Inadequate error handling in IPv6 address configuration subsystem causes
a NULL pointer dereference. An attacker with network administration
privilege could exploit this bug to cause a denial-of-service.


* Denial-of-service when initializing input device.

Large memory allocation in the input device event interface leads to a
kernel panic. A malicious device may exploit this bug to cause a
denial-of-service.


* Denial-of-service when receiving data over rxrpc protocol.
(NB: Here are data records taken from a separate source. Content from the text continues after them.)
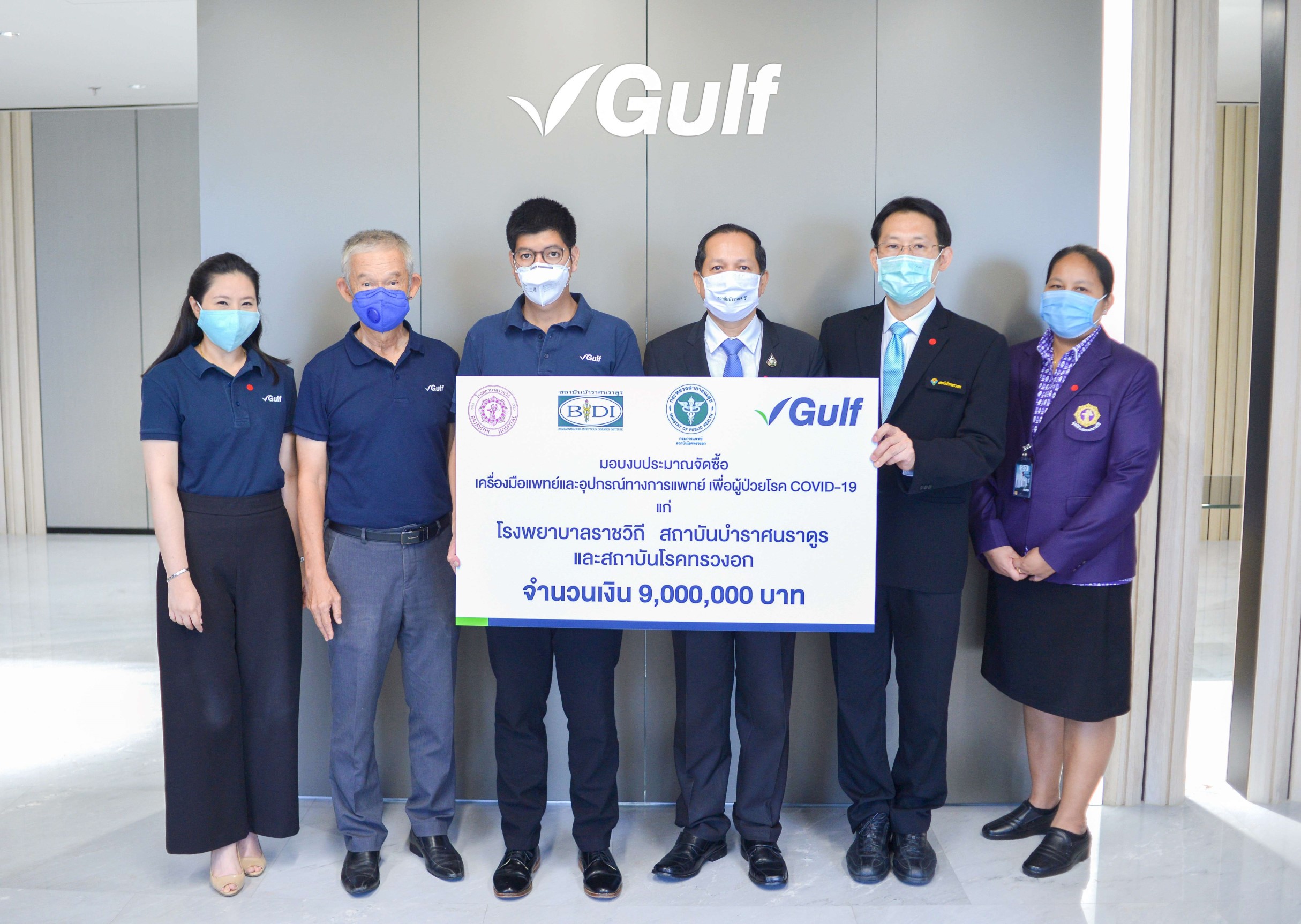 บริษัท กัลฟ์ เอ็นเนอร์จี ดีเวลลอปเมนท์ จำกัด (มหาชน) หรือ GULF มอบเงินสนับสนุนแก่โรงพยาบาลราชวิถี 4 ล้านบาท สถาบันบำราศนราดูร 4 ล้านบาท และสถาบันโรคทรวงอก 1 ล้านบาท เพื่อจัดซื้ออุปกรณ์ทางการแพทย์สำหรับการรักษาผู้ป่วย COVID-19 และผู้ป่วยภาวะการหายใจล้มเหลว เช่น เครื่องช่วยหายใจชนิดอัตราการไหลสูง (High Flow Oxygen Therapy Device) เครื่องช่วยหายใจชนิดแรงดันบวกสองระดับ (BiPAP) เครื่องช่วยหายใจชนิดเคลื่อนย้าย และเครื่องติดตามและเฝ้าระวังสัญญาณชีพผู้ป่วยแบบศูนย์กลาง เป็นต้น
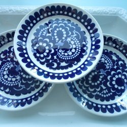 Kantad runtom med kornblå bomullstyg, sign på baksidan.
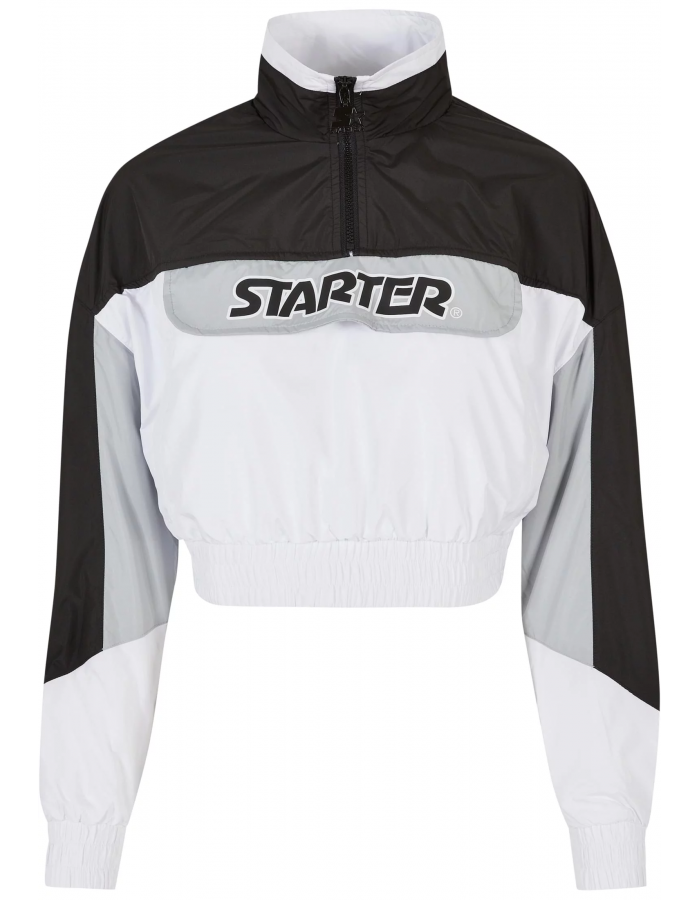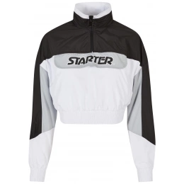 Tato dámská větrovka v tříbarevném barevném provedení je spolehlivým společníkem do chladných a větrných dnů a nabízí chytrý krátký střih. Stylový lem s potiskem Starter na hrudi a vyšívaným logem na rukávu. Dále dámská bunda nabízí krátký stojáček na zip a ramínko na zip Starter. Manžety na rukávech a lemu jsou široké a elastické. Dvě praktické boční kapsy na zip ponechávají prostor pro ruce a nezbytnosti. Díky materiálu z terylenu a polyesteru je bunda pohodlná na nošení, použité barvy dodávají bundě strukturu.
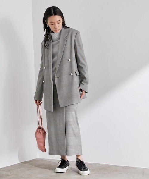 グレンチェック柄のセットアップでクラシックな雰囲気を作ったコーディネート。
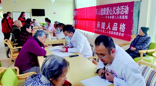 ▲医务人员走进养老院开展关爱老年人健康爱心义诊活动。医务人员详细了解老人的生活情况,为他们进行身体检查,并耐心细致指导他们在日常生活中正确用药,引导他们养成良好的健康生活方式。 朱文慧 摄
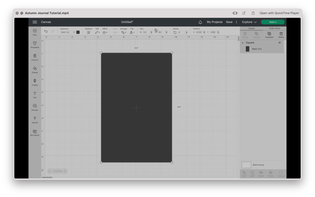 Our first step is to create a shape for our stencil. Open a new project, and add a square to the design space. Unlock the shape and set it to the size needed. Since I am using an A5 journal, I will need to set the shape to five and a half inches by eight and a half inches.
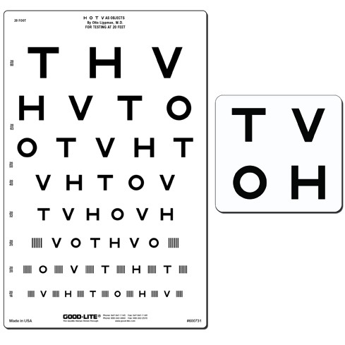 Crowded lines; line sizes ranging from 20/80 to 20/16 (6/24 to 6/4.8), 0.25 to 1.25 . Set includes chart, response key and instructions.

A bug in the rxrpc protocol leads to a use after free when receiving
data. An attacker may exploit this to cause a denial-of-service or
possibly escalate privilege.


* Denial-of-service when decompressing erofs filesystem.

A bug in the erofs decompressor leads to invalid memory access. An
attacker could exploit this bug to cause a denial-of-service.


* Denial-of-service when binding to an XDP socket.

A data race when binding to an XDP socket could lead to kernel memory
corruption. An attacker may exploit this bug to cause a
denial-of-service.


* Denial-of-service in RSI wifi driver on disconnect.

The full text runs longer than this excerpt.